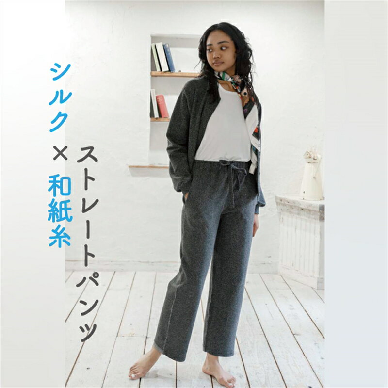 ふるさと納税 ストレートパンツ 黒ベースのMIXカラーネップ 信州ハンドクラフトフェスタ大賞受賞 シルク×和紙糸 長野県 佐久市
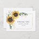 Tarjeta De Agradecimiento Boda de girasol floral Eucalyptus Greenery
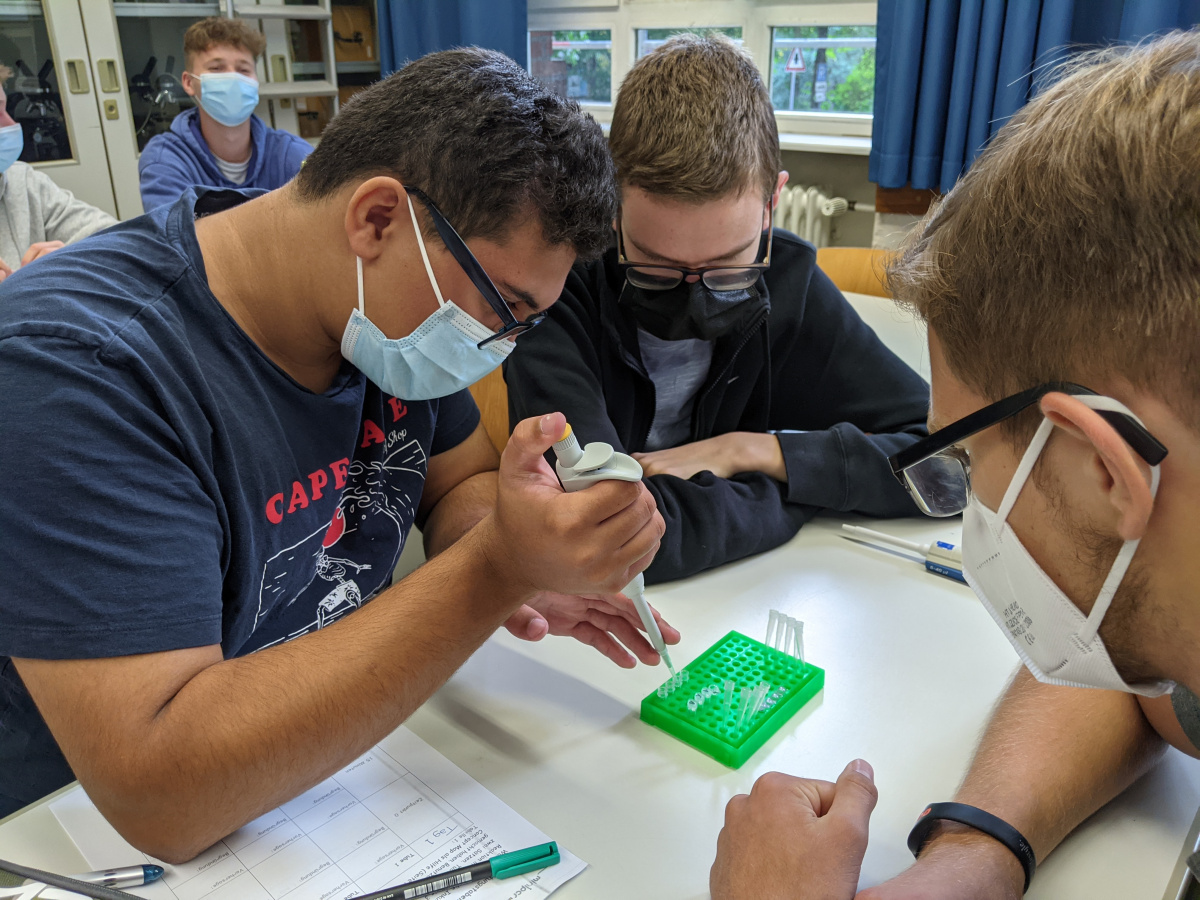 Für die Schüler*innen des Biologie-LK war das kurze Projekt eine willkommene Abwechslung zum gewöhnlichen Biologieunterricht. Insbesondere da aufgrund der Corona-Pandemie, der üblicherweise im Biologie LK besuchte Genetikkurs der grünen Schule entfallen musste, war es schön molekulargenetische Versuche nachholen zu können. Abschließend erhielten die Schüler*innen noch die Möglichkeit sich bei den Studierenden über das Studium in Biologie, Chemie oder Medizin zu informieren.
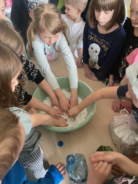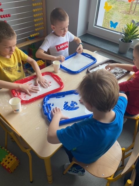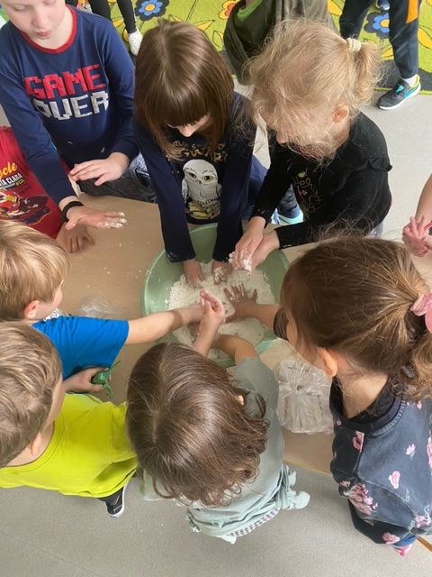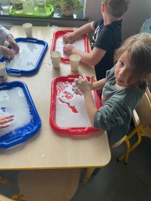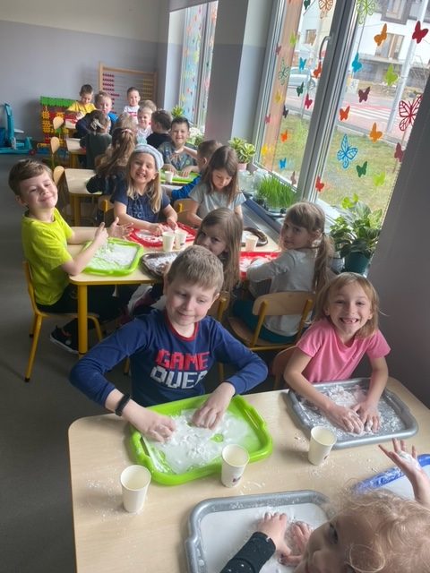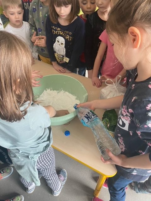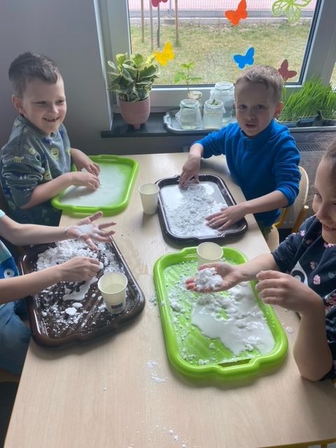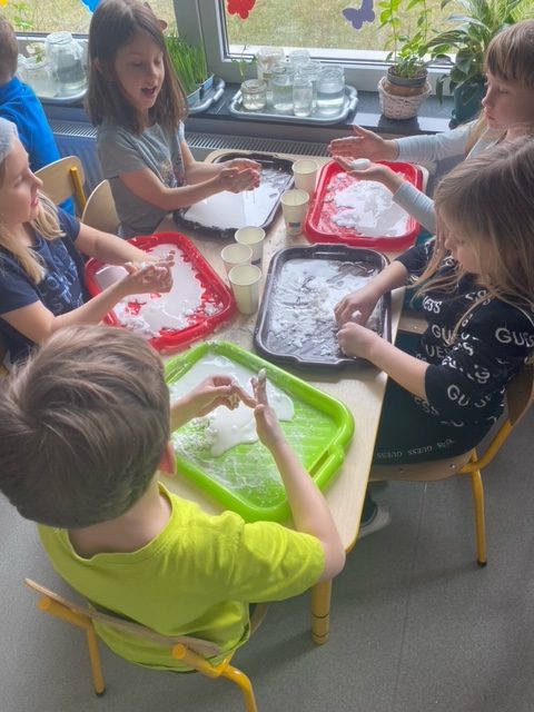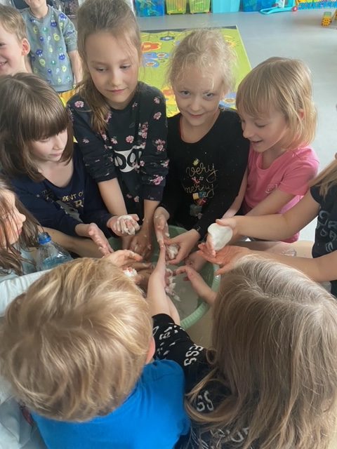 Uczniowie zerówki eksperymentowali i poznali 3 stany skupienia: stały, ciekły i gazowy. Podczas zajęć wykonali doświadczenie, które pokazało, że istnieje coś pomiędzy. Jest to substancja, która czasem zachowuje się jak ciało stałe, a czasem jak ciecz.
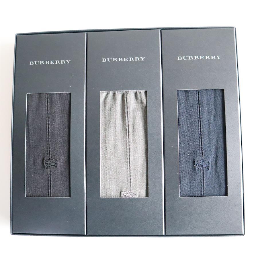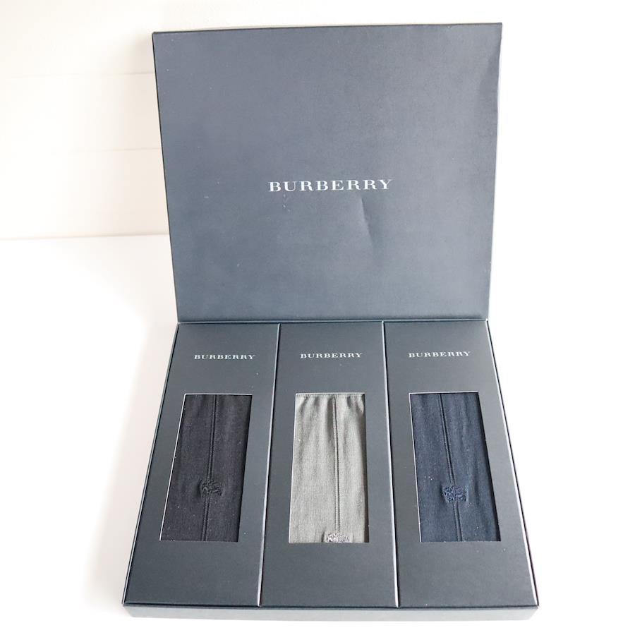 ビジネスマンの方におすすめの、BURBERRY(バーバリー)メンズビジネスソックス3足セットです。ブラック・グレー・ネイビーの落ち着いたカラーで、通勤や商談、フォーマルシーンまで幅広く活躍します。高級ブランドの未使用品をまとめて揃えられる点が大きな魅力です。
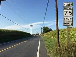 | Carroll | Union Bridge | 24.08 | 38.75 | Main Street north – Middleburg | MD 75 turns east onto Green Valley Road |
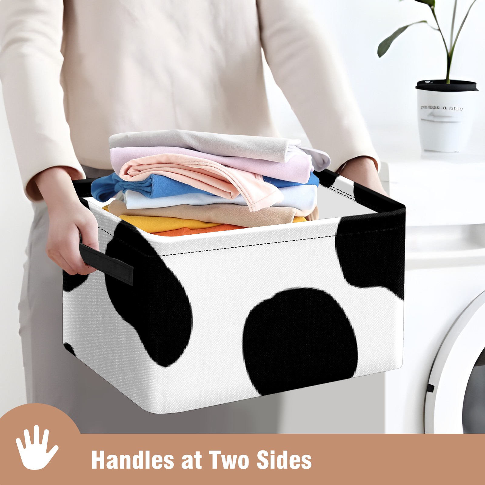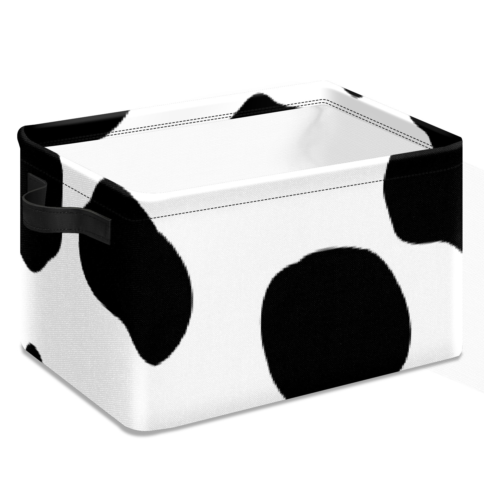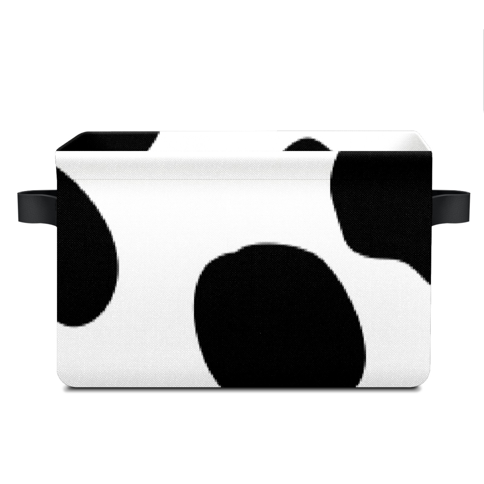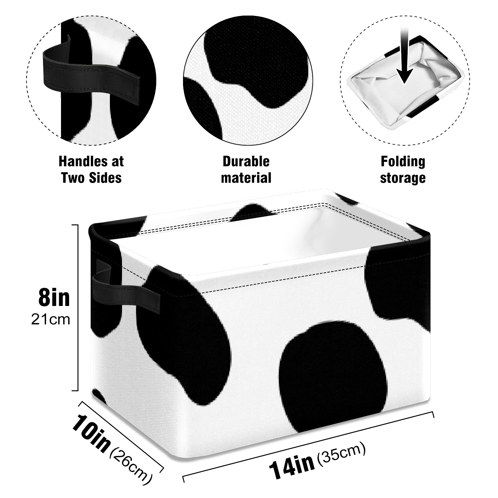 Collapsible 600D Oxford Storage Basket with Black And White Cow Print - Metal Frame 10"x14"x8" Reinforced Handles, Multi-Purpose Organizer
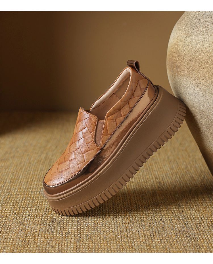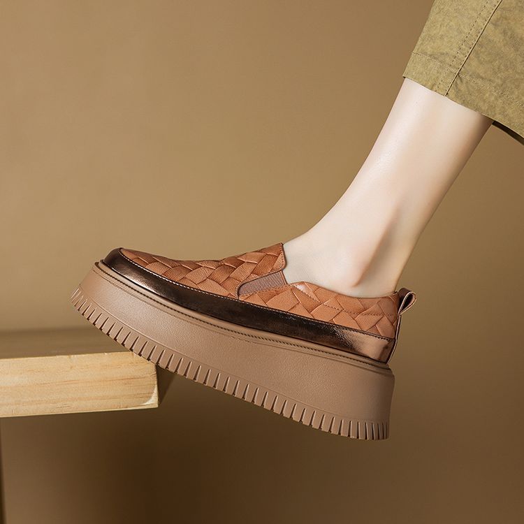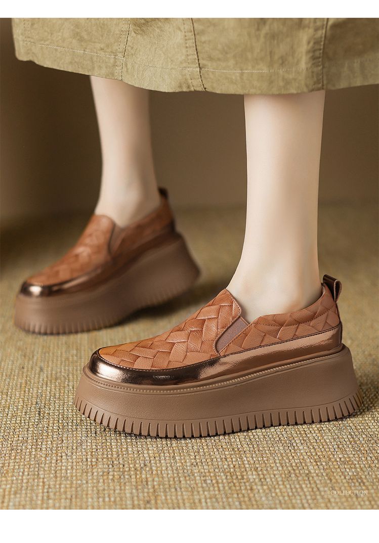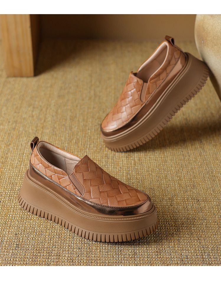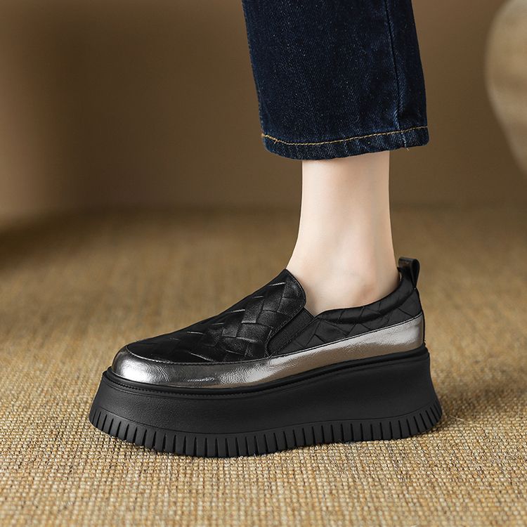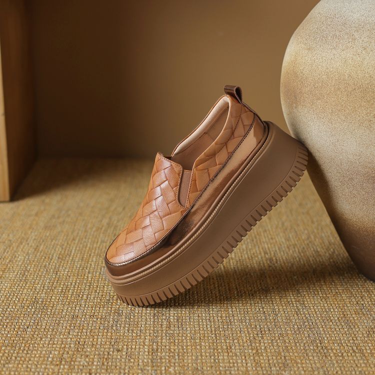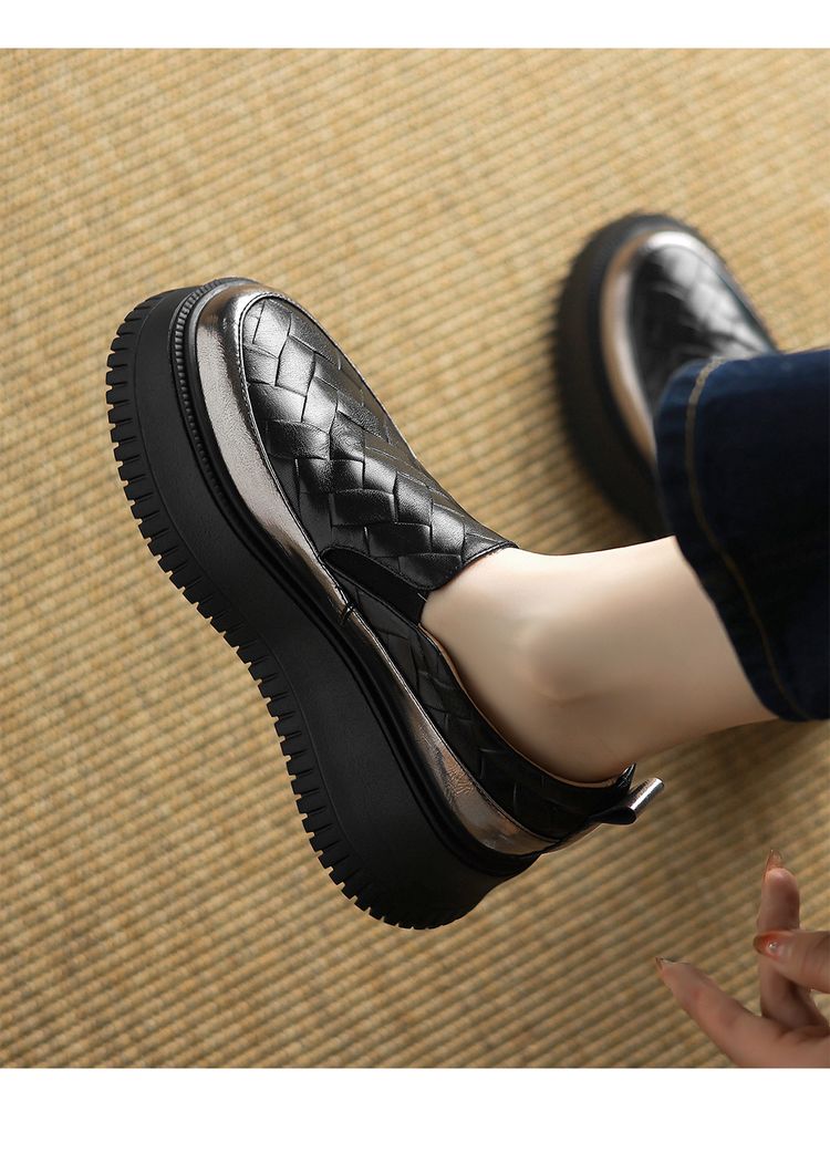 【预售5天】厚底松糕鞋女真皮圆头一脚蹬单鞋秋季新款百搭高跟乐福鞋TYMXY&A1826

• Exercise
Exclude the pictures from the copy. Retype exactly the lines running from the one containing "Collapsible 600D Oxford" through the last line of the listing.

• Problem solution
 Collapsible 600D Oxford Storage Basket with Black And White Cow Print - Metal Frame 10"x14"x8" Reinforced Handles, Multi-Purpose Organizer
 【预售5天】厚底松糕鞋女真皮圆头一脚蹬单鞋秋季新款百搭高跟乐福鞋TYMXY&A1826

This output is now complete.